▸ **WHAT IS EXPECTED**
A complete answer retypes each of the records below precisely and includes none of the pictures.

(Data records)
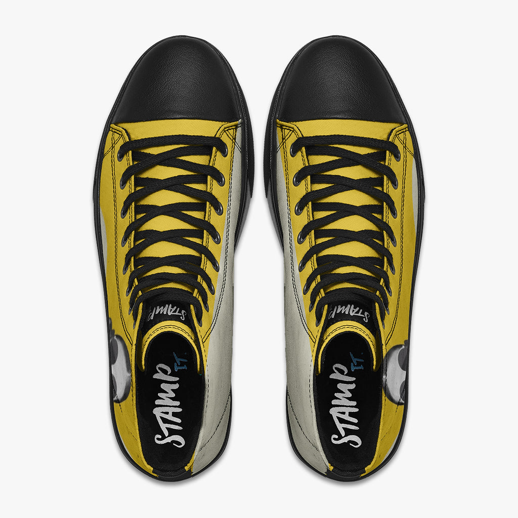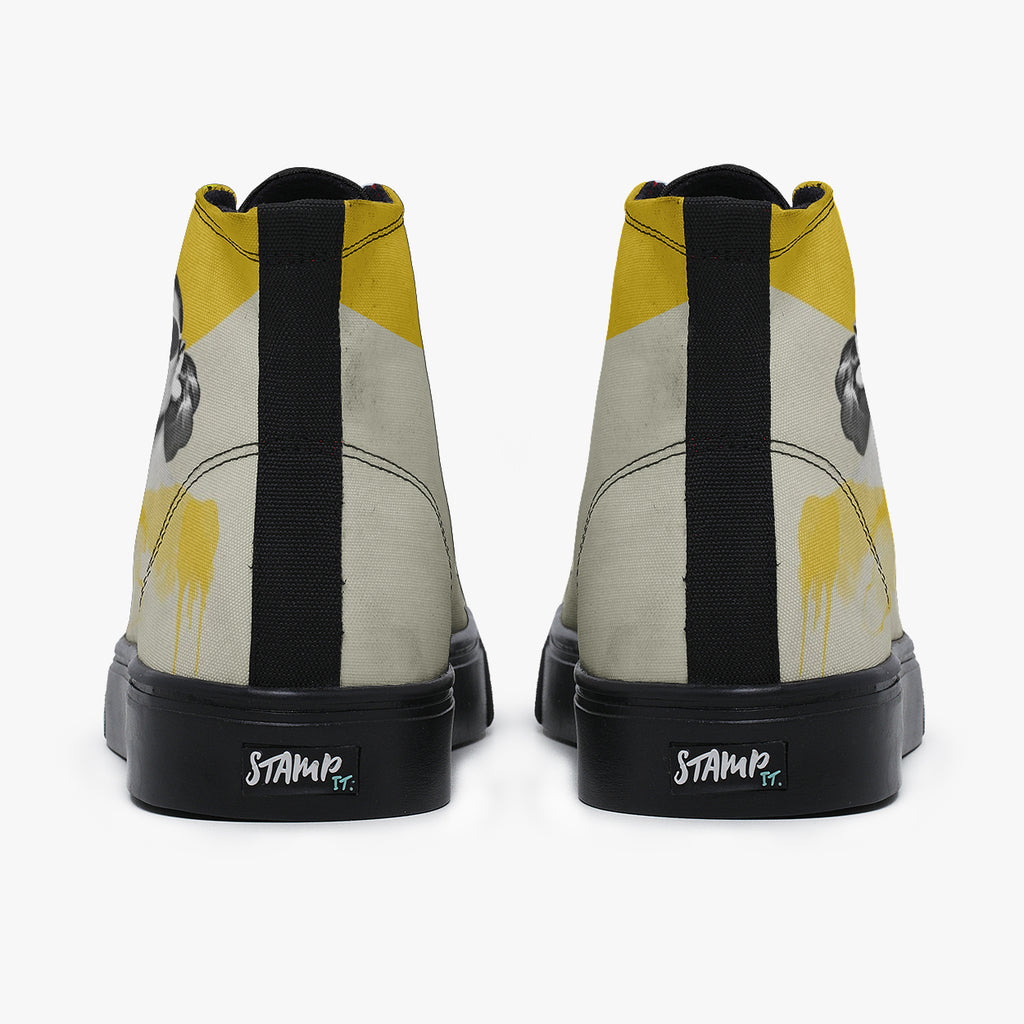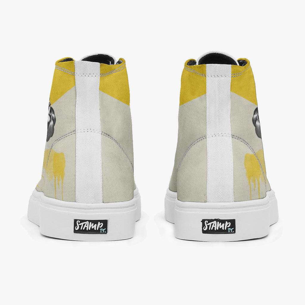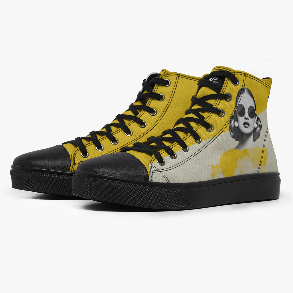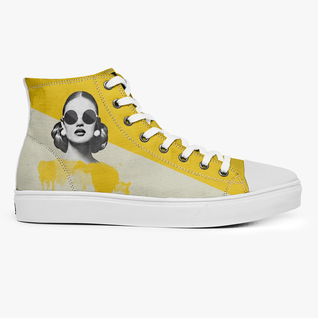 Tênis Cano Alto Colorido Fancy Girl Anos 80 Feminismo Pride, confeccionado em lona, com cores e estampas exclusivas.
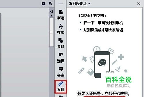 随便打开一篇WPS文档,点击右侧的三角形符合,弹出隐藏栏。然后点击“发射”,就可以找到登录的入口了。
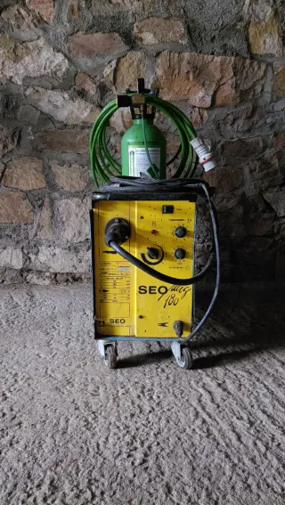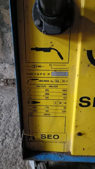 Soldadora MIG SEO 180 en funcionamiento. Funciona a 380. Bombona de gas no incluida.
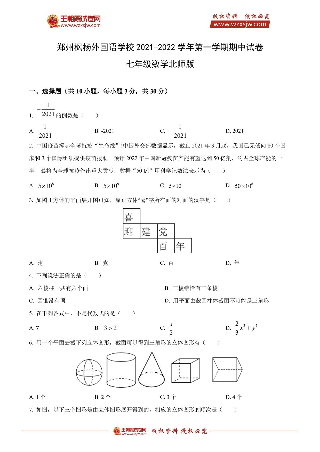 河南省郑州枫杨外国语学校2021-2022学年上学期期中试题七年级数学(北师版)
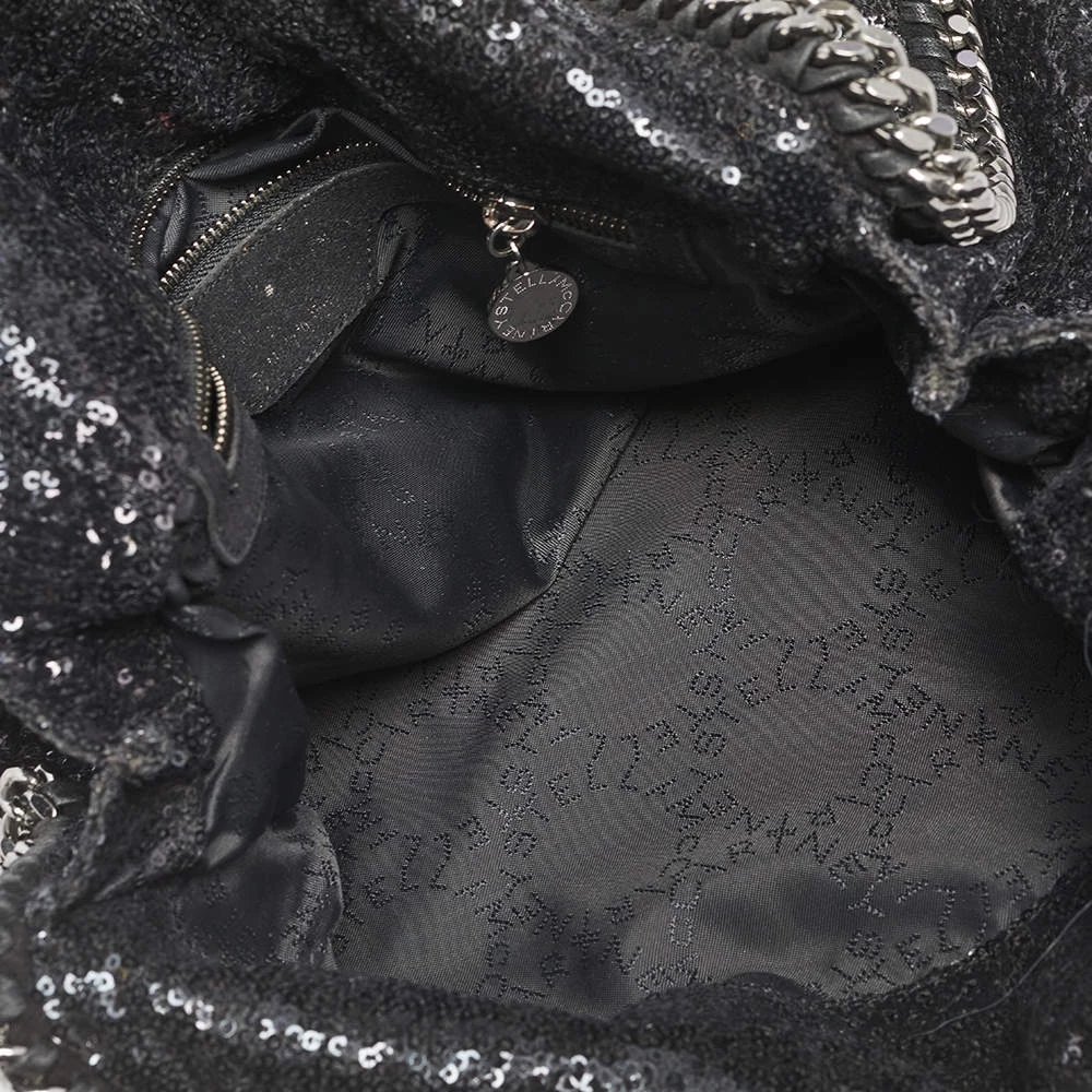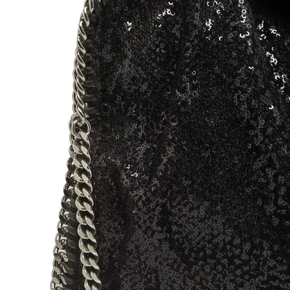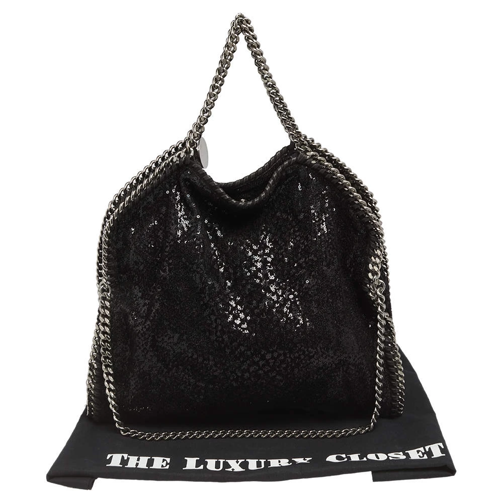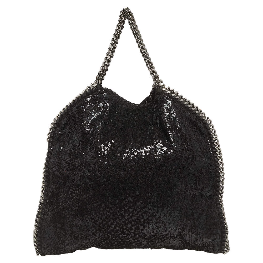 This Falabella tote from Stella McCartney is one of the most loved designs from the sustainably conscious label. This version is designed with black sequins. While the chain detailing elevate its beauty, the fabric-lined interior will dutifully hold all your daily essentials. You can swing this tote using the chain handles.

▸ **SOLVED PROBLEM**
 Tênis Cano Alto Colorido Fancy Girl Anos 80 Feminismo Pride, confeccionado em lona, com cores e estampas exclusivas.
 随便打开一篇WPS文档,点击右侧的三角形符合,弹出隐藏栏。然后点击“发射”,就可以找到登录的入口了。
 Soldadora MIG SEO 180 en funcionamiento. Funciona a 380. Bombona de gas no incluida.
 河南省郑州枫杨外国语学校2021-2022学年上学期期中试题七年级数学(北师版)
 This Falabella tote from Stella McCartney is one of the most loved designs from the sustainably conscious label. This version is designed with black sequins. While the chain detailing elevate its beauty, the fabric-lined interior will dutifully hold all your daily essentials. You can swing this tote using the chain handles.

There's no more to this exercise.